For minor muscle sprains, your physician will likely suggest an over-the-counter anti-inflammatory medication like ibuprofen and encourage you to begin stretching the muscle after a few days of healing. If the stretching causes pain, give yourself a few extra days to allow the injured muscles to repair.

Grade 2 and grade 3 strains may require prescribed pain relievers and muscle relaxants to relieve discomfort. Severe strains may require a trip to an orthopedic specialist. Depending on the location and severity of the strain, immobilization for a few weeks may be necessary. In severe cases, surgery and physical therapy may be required.

When healing from a sports injury, even a minor muscle strain, it would be wise to consult with a physical therapist who can design a customized recovery and exercise program for you. The last thing you want to do is cause further damage or re-injure your muscle. A sports medicine-minded physical therapist can teach you to exercise properly to spur healing and to create muscles that are strong and flexible, so reinjury of the muscle is less likely.

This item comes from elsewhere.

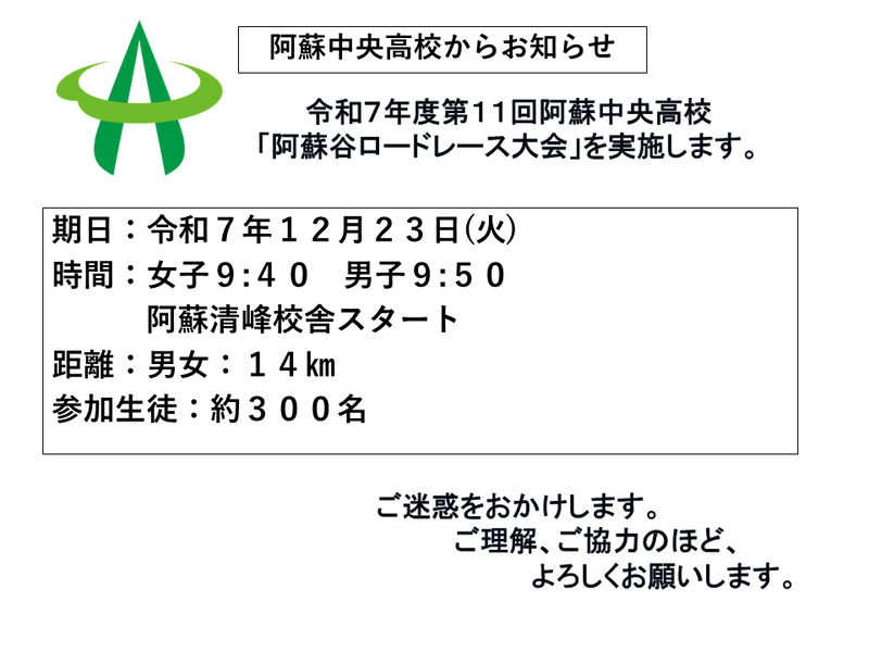 明日12/23(火)は阿蘇谷ロードレース大会が開催されます。

Amino Acids and Muscle Recovery and Health

For all grades of muscle tear damage, taking a full-spectrum amino acid supplement spurs healing of muscle damage when consumed in the days following injury according to a study published in the International Journal of Sport Nutrition and Exercise Metabolism. Researchers from Australia investigated a supplement that contained the nine essential amino acids as well as three nonessential amino acids. Findings support the use of an amino acid supplement 30 minutes prior to working out and immediately upon completion of the workout to reduce muscle soreness and delayed-onset muscle soreness.

Amino acids are required for muscle growthmuscle building, and pain management. If you are looking to heal a muscle strain or other muscle injury—an amino acid supplement is a must. According to an article in the journal Practical Pain Management, amino acids are responsible for three key pain-modulating neurotransmitters, and balanced amino acid supplementation can reduce pain and even reduce the dose of prescription painkillers that are necessary for severe pain. The article further explains that the human body’s entire pain-relief system is fueled by amino acids and the hormones they produce.

4 Essential Tips to Prevent Muscle Strains and Sprains

Preventing injury is always better than treatment! Use these four tips to help prevent muscle injuries including pulls, tears, and sprains.

  1.  Warm up your muscles properly before exercising or moving heavy objects. Just 5 minutes of light stretching can protect you from injury.
  2. Take an amino acid supplement 30 minutes before you exercise and immediately following the workout to protect your muscles and improve performance.
  3. Learn how to lift heavy objects safely by squatting down instead of bending over to prevent mild strains or more severe lower back injuries.
  4. Under the guidance of a physical therapist or sports medicine professional, create a balanced exercise routine that includes aerobic activity, stretching, balance work, resistance exercise, and weight lifting.